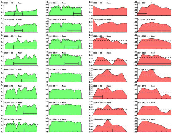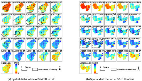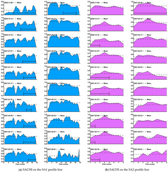 - In the SA1, there were 16 periods of profile lines with some pixels in the impact area of mining subsidence. Except for four periods of 19 October 12020, 29 October 2020, 3 November 2020, and 8 November 2020 where the DN in the subsidence area were mainly greater than the SACHI mean, the remaining 12 periods were predominantly lower than the SACHI mean and showed a fluctuating downward trend.
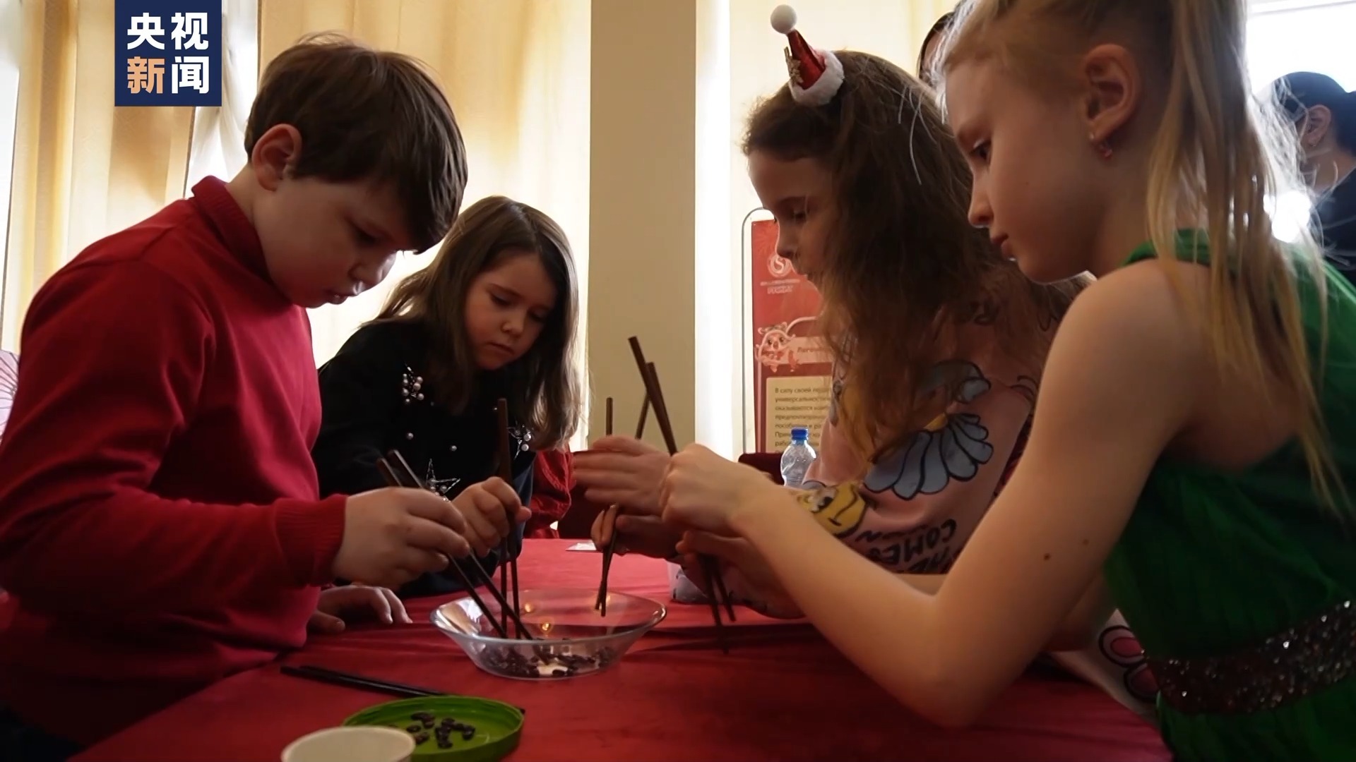 近日,俄罗斯莫斯科格罗布诺瓦文化宫举行中国文化体验活动,俄罗斯小朋友争先恐后体验写书法、画国画、拿筷子、品茶等多种活动。
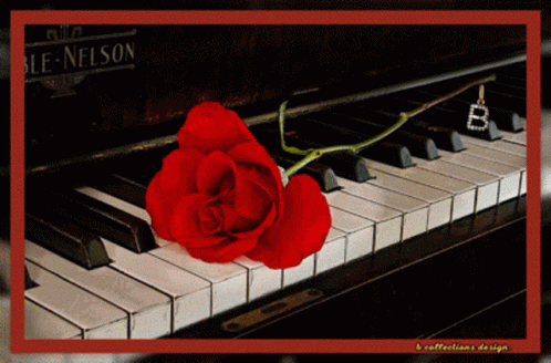A beautiful red rose rests on the white and black keys of an old piano, with a 'Thank you' message.
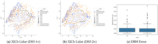 Figure 9 show the position of detected trees and the estimated DBH for the complete trajectory. The number of tree correspondences found for a DS3-1v is only 90, much lower than those found for DS3-2v 156. The MAE of DBH estimation for the tree correspondences is 4.4 cm (RMSE = 6.3 cm) and 4.3 cm (RMSE = 6.5 cm) for DS3-1v and DS3-2v, respectively, and the corresponding absolute DBH error plot is given in Figure 9c.
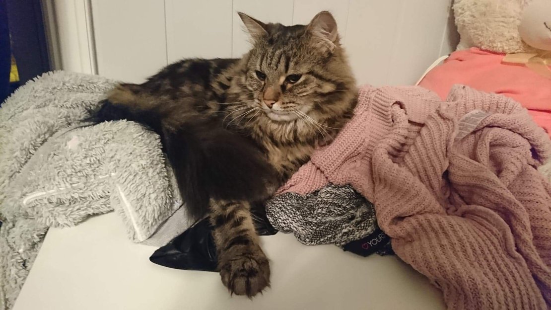 Ganske stor og kraftig men ikke tjukk. Glatt i pelsen. Fargene er svart/mørk brun og lys. Dette er en pus som ikke nærmer seg fremmede og er veldig usikker. Han har også på seg et rosa halsbånd med reflex(om han ikke har fått det av seg)

■ WORK INSTRUCTIONS ■
Leave out the pictures and give the rest of the records again exactly.

■ WRITTEN ANSWER ■
 - In the SA1, there were 16 periods of profile lines with some pixels in the impact area of mining subsidence. Except for four periods of 19 October 12020, 29 October 2020, 3 November 2020, and 8 November 2020 where the DN in the subsidence area were mainly greater than the SACHI mean, the remaining 12 periods were predominantly lower than the SACHI mean and showed a fluctuating downward trend.
 近日,俄罗斯莫斯科格罗布诺瓦文化宫举行中国文化体验活动,俄罗斯小朋友争先恐后体验写书法、画国画、拿筷子、品茶等多种活动。
A beautiful red rose rests on the white and black keys of an old piano, with a 'Thank you' message.
 Figure 9 show the position of detected trees and the estimated DBH for the complete trajectory. The number of tree correspondences found for a DS3-1v is only 90, much lower than those found for DS3-2v 156. The MAE of DBH estimation for the tree correspondences is 4.4 cm (RMSE = 6.3 cm) and 4.3 cm (RMSE = 6.5 cm) for DS3-1v and DS3-2v, respectively, and the corresponding absolute DBH error plot is given in Figure 9c.
 Ganske stor og kraftig men ikke tjukk. Glatt i pelsen. Fargene er svart/mørk brun og lys. Dette er en pus som ikke nærmer seg fremmede og er veldig usikker. Han har også på seg et rosa halsbånd med reflex(om han ikke har fått det av seg)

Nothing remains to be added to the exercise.